Historian to discuss black Mormon pioneers such as Green Flake and Utah’s relationship with slavery
Descendants of Green Flake. Martha J. Perkins Howell, granddaughter; Lucinda Flake Stevens, daughter; Belle Oglesby, granddaughter. Green Flake entered the Salt Lake valley with Brigham Young and the first pioneers. His name is among those inscribed on the statue of Brigham Young in downtown Salt Lake City.
In the years before America’s bloody Civil War ended black slavery, it was euphemistically called the nation’s “peculiar institution.”
Historian Amy Tanner Thiriot says it was even more peculiar in the prewar Utah Territory, where Southern converts to Mormonism, making the journey to their faith’s desert refuge in the late 1840s and early 1850s, brought about 100 slaves with them.
“The slave owners [had] to adjust how they dealt with their slaves outside of the South,” Thiriot says. “They were used to controlling slaves by violence, slave patrols and the threat of sale.”
Thiriot — who will speak on “Black Mormon Pioneer Experiences” on Thursday at 7 p.m. at the LDS Church History Museum, 45 N. West Temple, in downtown Salt Lake City — says these Southerners found little support for their slaveholding ways in Zion.
“They found themselves,” she explains, “surrounded by largely Northern and European [Mormons] and subject to the governance of Vermont native Brigham Young, who was opposed to the practices of Southern slavery.”
Until Congress erased slavery in all the territories in 1862, Young, the Mormon prophet, and the fledgling Church of Jesus Christ of Latter-day Saints struggled to find compromise between members’ general opposition to slavery and its practice in Utah.
Thiriot’s research focuses on five Southern families who migrated to the territory, bringing 99 African-American slaves with them.
One of them was Green Flake, who had accompanied other slaves owned by Mississippians James and Agnes Flake first to Nauvoo, Ill., and then on to Utah as part of the Mormon migration. Stories have been told about Green Flake being donated as tithing to the LDS Church, and Young in particular, by the then-widowed Agnes Flake.
Thiriot has serious doubts about those tales. She argues that her research indicates that the widow “hired him out to Brigham Young for a year to solve a complex problem that involved her family’s poverty.”
“Green Flake worked for him about a year and then became a freeman,” she says. “One of the interesting things I found during my research is that the descendants of the enslaved . . . almost uniformly recalled that their families loved and respected Brigham Young.”
Flake, who had been baptized into the LDS Church in 1844 and drove the wagon that brought Young into the Salt Lake Valley in 1847, was freed by Young in 1854 after a year’s personal service to the leader.
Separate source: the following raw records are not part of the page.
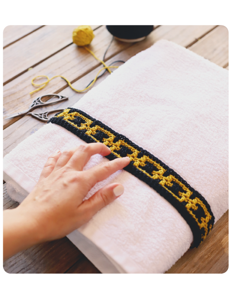 Este quadrado da avó faz-se com a técnica croché mosaico em malha plana. Quando termina cada C, corta o fio e começa a C seg. no pt inicial da C anterior, pelo que todas as C são trabalhadas pela direita, e da direita para a esquerda. As C pares, a partir da C2., fazem-se com pb lt. As C ímpares, a partir da C3., alternam pb lt e pa lf. Faça o pa lf na linha que ficou livre 2 C mais abaixo. Salte o pt que fica por trás. Com estes passos, cria-se o desenho característico da técnica mosaico. Todas as C começam e acabam com 1 pb em ambas as linhas. Faça um rebordo em pb para terminar. As corr de viragem não contam como o 1.º pt da C.
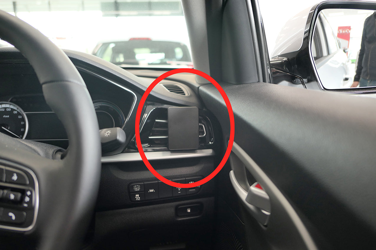 1. A mellékelt alkoholos párnával tisztítsa meg azt a felületet, ahová kerülni fog a ProClip. Távolítsa el a ragasztócsík borítását a ProClipről. Akassza a ProClip alsó élét a szellőzőnyílást körülvevő keretbe.
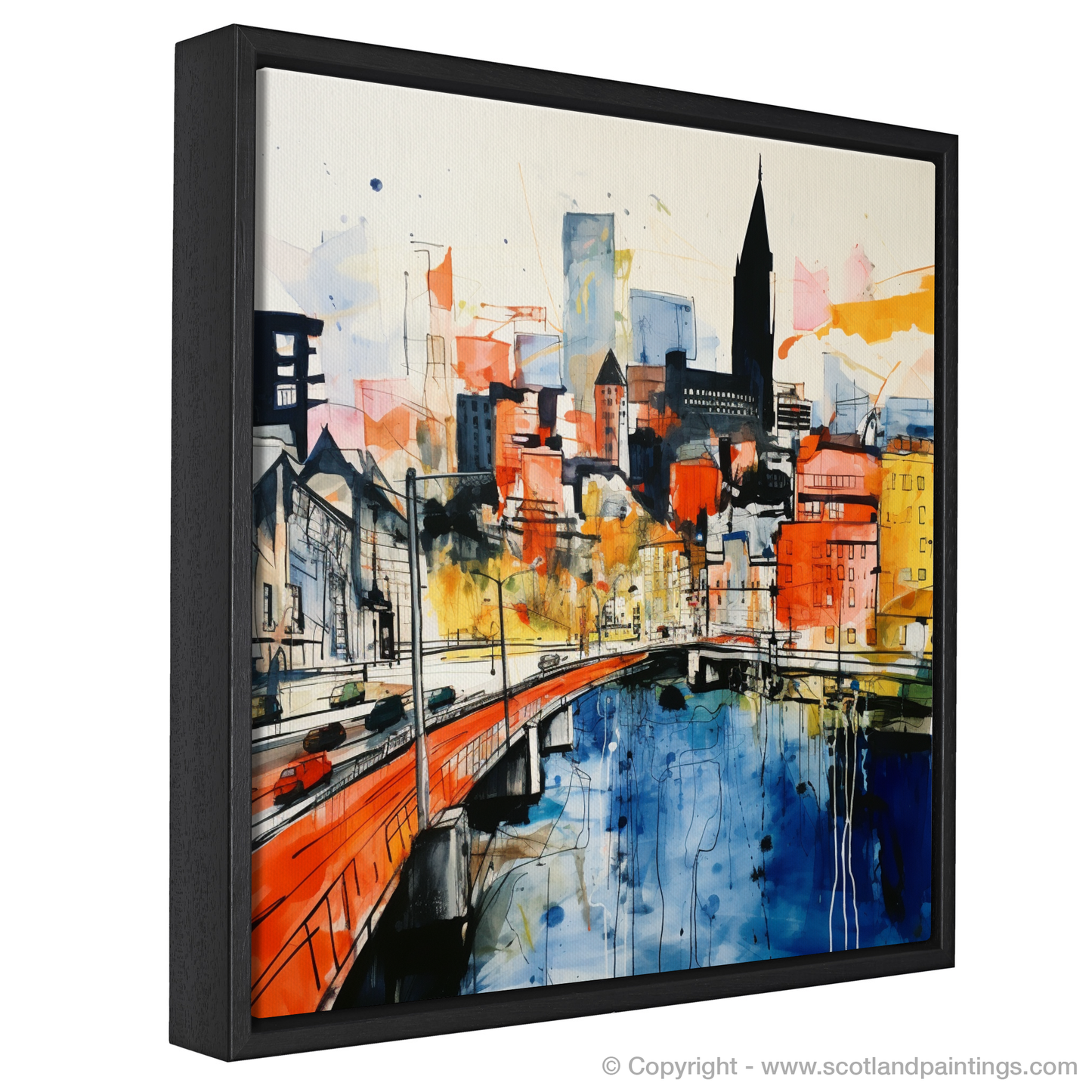 This abstract portrayal is not just a visual delight but an homage to the city's spirit, conveying the throbbing urban hustle infused with the rich historical tapestry that Glasgow is known for. It invites infinite interpretations, each glance revealing a new facet of the city’s character, as if every stroke and every burst of colour holds within it a story of Glasgow's past, present, and future.
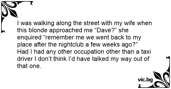 I was walking along the street with my wife when this blonde approached me “Dave?” she enquired “remember me we went back to my place after the nightclub a few weeks ago?”
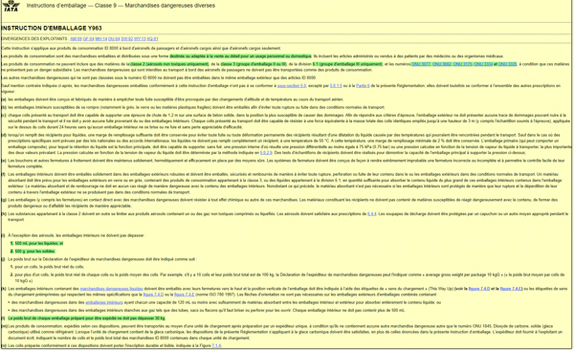 L’instruction Y963 définit les règles d’emballage auxquelles les produits classés ID8000 doivent se conformer.

After his wife died, Flake moved in 1885 to Idaho, where he joined his children and grandchildren. He died in 1903.
Flake is one of a dozen African-American Utah pioneers Thiriot plans to highlight during her free presentation Thursday.
Thiriot, a Brigham Young University history graduate, has written and spoken extensively on genealogical research, particularly stories of 19th- and early 20th-century Latter-day Saints.
She is working on a book for University of Utah Press tentatively titled “Slaves in Zion: African American Servitude in Utah Territory, 1847-1862.”
(Tribune file photo) A reproduction of an 1897 Tribune woodcut of Green Flake, one of nearly 100 slaves brought to Utah in pre-Civil War days.